I guess I could rename both to LoadExt instead, how does that sound? That would stay consistent with ISD::LoadExtType, and the various *LoadExt* legality functions.

lib/CodeGen/SelectionDAG/DAGCombiner.cpp
5334–5335

You're right, I added a check for isPow2VectorType.

5660

It should be trivial to factor it out. Other similar combines as well (I'll take care of it separately.)

5694–5698

I thought so as well, but two things would make it confusing IMO: 1) the offset operand is for indexed loads only, which is a concept different from an ADDed base pointer. Also, less importantly, 2) we're not sure we can reuse the previous MMO, as the types may differ.
Or maybe you meant something else?

test/CodeGen/X86/widen_load-2.ll
76–79 ↗(On Diff #17942)

This was actually a rebasing mistake, and doesn't happen on a clean apply of the patch. Sorry for the noise.

chandlerc added inline comments.Jan 12 2015, 9:24 AM
include/llvm/Target/TargetLowering.h
1512

We're so inconsistent here that I don't really care about what the old code happened to name things provided we're consistent going forward and converge on that. Given that, I'd prefer the minimal amount of abbreviation that is sane, and I think spelling out "load" but abbreviating "ext" is a fine compromise there.

lib/CodeGen/SelectionDAG/DAGCombiner.cpp
5660

Please don't add duplicated code and then factor it afterward.

Either do the minimal amount of factoring in this change so that we don't have to review 2x the code, or do the factoring first, and then the functional change.

ab added a comment.Jan 20 2015, 1:44 PM

Ping!

-Ahmed

hfinkel added inline comments.
lib/CodeGen/SelectionDAG/DAGCombiner.cpp
5227

Please make this comment more verbose. We might generate multiple loads and then combine them together, and it is not clear here whether this combining happens to the results of the sext or the sext's operand.

5274

Is this alignment correct? Aren't these loads smaller than the original one?
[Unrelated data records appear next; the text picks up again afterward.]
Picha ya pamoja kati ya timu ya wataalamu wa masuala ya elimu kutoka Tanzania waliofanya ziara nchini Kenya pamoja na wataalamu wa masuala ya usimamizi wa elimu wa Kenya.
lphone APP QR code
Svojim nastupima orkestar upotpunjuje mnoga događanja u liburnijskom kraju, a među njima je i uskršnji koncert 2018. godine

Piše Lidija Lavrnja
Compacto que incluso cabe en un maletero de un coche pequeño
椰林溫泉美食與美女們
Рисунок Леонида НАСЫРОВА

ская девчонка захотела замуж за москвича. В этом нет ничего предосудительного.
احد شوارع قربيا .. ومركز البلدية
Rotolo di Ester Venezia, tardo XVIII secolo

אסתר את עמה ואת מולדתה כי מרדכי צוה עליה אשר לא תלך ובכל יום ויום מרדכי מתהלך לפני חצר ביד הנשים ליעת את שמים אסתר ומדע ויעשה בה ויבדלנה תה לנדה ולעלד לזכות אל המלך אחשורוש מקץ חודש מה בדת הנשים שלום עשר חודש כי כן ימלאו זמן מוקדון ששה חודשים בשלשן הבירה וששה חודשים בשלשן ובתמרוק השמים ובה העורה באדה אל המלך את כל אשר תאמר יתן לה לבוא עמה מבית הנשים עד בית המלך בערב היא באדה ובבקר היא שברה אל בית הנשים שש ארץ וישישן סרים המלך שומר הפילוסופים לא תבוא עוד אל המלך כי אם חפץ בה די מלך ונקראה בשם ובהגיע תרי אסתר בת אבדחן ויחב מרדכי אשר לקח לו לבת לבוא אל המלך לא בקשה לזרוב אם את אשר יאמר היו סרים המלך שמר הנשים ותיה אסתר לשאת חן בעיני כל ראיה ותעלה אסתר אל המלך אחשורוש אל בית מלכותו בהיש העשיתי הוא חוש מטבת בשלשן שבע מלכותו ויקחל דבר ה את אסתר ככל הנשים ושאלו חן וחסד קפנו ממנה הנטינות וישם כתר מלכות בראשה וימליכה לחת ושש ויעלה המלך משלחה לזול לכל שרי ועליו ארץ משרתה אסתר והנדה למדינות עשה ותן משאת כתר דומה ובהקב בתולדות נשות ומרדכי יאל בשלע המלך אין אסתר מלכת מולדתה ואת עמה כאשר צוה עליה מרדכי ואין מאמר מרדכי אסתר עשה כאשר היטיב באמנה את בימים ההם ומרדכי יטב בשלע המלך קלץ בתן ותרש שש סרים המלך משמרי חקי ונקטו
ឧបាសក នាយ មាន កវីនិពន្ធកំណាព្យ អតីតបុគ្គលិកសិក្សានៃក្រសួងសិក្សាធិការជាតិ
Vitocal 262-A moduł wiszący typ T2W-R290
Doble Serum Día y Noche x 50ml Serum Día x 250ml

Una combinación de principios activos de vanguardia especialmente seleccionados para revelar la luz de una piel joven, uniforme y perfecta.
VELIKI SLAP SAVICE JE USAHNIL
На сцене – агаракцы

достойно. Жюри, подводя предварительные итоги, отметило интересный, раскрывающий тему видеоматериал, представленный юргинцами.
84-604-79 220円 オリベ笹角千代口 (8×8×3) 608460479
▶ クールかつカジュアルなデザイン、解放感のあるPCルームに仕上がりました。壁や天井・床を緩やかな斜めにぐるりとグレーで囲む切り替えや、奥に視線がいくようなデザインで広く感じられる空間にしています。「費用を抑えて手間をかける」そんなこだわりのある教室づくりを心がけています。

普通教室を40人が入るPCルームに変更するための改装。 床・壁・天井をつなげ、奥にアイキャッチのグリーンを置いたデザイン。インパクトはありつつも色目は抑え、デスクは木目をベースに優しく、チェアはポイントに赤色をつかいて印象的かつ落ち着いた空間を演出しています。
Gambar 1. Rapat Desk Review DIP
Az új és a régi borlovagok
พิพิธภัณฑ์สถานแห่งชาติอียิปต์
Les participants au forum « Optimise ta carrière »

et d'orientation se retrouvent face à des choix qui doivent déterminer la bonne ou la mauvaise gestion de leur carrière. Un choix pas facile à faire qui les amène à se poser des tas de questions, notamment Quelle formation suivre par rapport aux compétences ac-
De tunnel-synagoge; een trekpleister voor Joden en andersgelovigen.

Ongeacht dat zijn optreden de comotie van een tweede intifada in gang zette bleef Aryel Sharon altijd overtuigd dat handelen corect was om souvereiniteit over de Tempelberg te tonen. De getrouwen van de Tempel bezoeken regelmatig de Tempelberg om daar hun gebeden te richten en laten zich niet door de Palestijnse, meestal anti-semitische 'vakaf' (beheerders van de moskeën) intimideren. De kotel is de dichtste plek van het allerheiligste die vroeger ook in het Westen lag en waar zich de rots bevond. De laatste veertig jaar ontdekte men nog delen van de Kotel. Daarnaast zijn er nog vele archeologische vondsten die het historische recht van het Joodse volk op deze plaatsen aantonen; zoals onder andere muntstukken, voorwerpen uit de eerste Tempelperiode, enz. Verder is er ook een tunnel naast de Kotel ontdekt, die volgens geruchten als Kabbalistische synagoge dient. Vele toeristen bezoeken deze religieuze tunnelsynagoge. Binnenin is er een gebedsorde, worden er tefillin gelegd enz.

My only comments beyond what Hal has already mentioned are real nits:

s/dl/DL/

Can you use DL everywhere? It's odd that in one place you use SDLoc(N0). It may be correct, but if so, it's likely not obvious to the reader why we need to do something different here.
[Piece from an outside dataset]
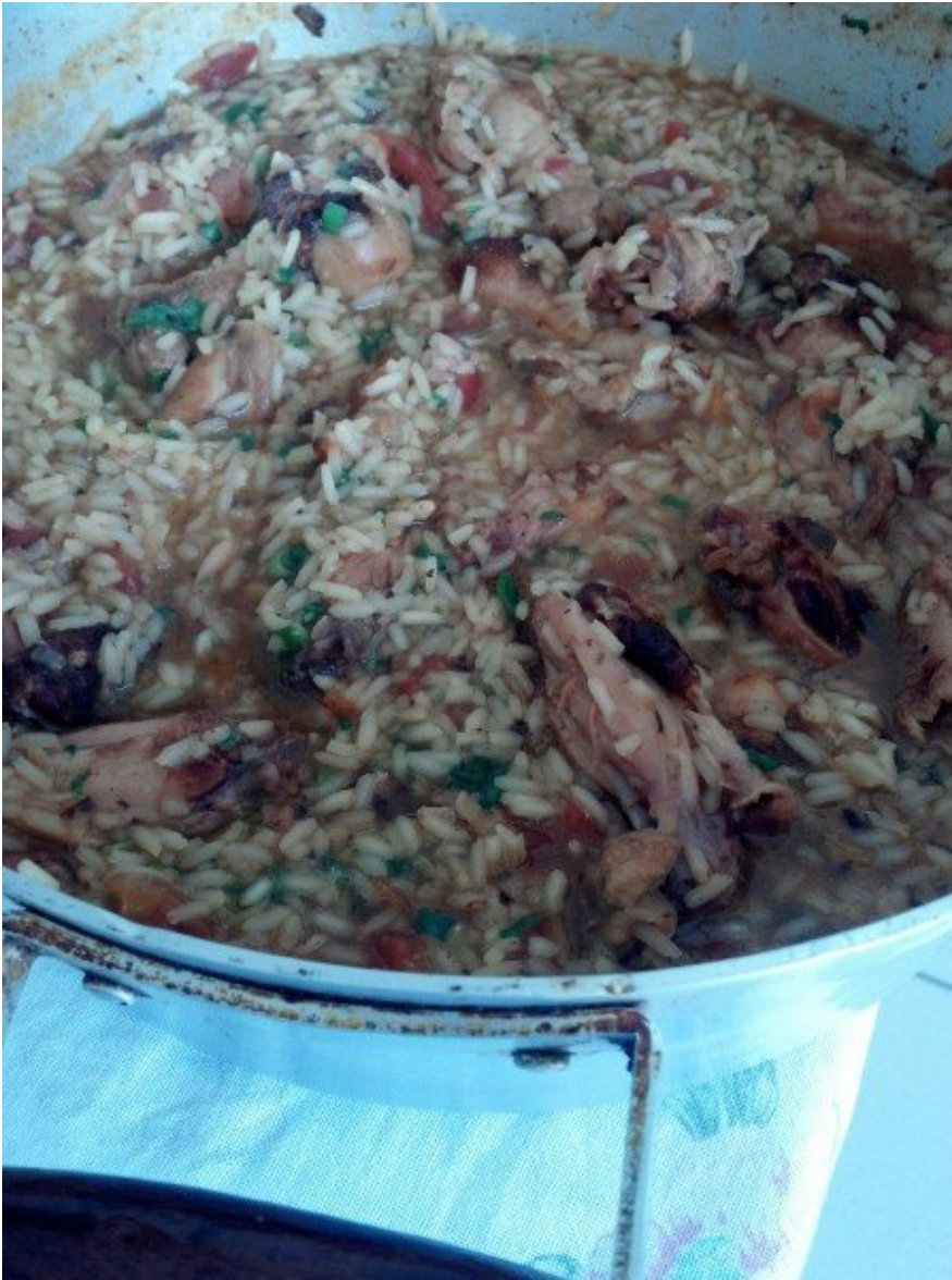
Galinhada succulenta, tipo risotto.

Finally, I'd find the indentation more consistent with clang-format. But now we're waaay down into minor details. This is generally looking much better.
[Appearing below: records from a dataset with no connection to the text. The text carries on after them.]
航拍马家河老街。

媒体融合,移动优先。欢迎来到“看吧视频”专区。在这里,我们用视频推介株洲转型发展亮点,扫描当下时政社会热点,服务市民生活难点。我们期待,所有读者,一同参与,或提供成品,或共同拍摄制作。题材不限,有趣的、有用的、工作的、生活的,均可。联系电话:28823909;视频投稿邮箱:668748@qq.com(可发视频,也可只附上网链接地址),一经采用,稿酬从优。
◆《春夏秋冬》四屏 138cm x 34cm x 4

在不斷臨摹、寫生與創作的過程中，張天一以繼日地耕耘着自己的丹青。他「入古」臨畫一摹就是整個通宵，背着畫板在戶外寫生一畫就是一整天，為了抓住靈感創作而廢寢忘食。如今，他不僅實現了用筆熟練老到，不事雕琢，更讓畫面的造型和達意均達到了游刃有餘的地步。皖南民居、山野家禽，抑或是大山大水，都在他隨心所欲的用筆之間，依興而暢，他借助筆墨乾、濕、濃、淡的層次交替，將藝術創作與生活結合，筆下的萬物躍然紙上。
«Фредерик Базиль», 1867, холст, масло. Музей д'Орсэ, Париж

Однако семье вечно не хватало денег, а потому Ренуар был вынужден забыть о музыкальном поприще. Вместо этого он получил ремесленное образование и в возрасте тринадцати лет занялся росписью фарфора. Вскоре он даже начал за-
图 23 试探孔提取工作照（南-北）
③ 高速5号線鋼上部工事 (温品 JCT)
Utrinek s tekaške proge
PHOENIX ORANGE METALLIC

ab updated this revision to Diff 19057.Jan 30 2015, 2:00 PM
  • Use smaller alignment for the split loads.
  • Improve formatting, names.
  • Don't accept ANYEXTs, since it's not testable or supported yet.
hfinkel accepted this revision.Feb 2 2015, 7:24 PM
hfinkel added a reviewer: hfinkel.

LGTM.

This revision is now accepted and ready to land.Feb 2 2015, 7:24 PM
This revision was automatically updated to reflect the committed changes.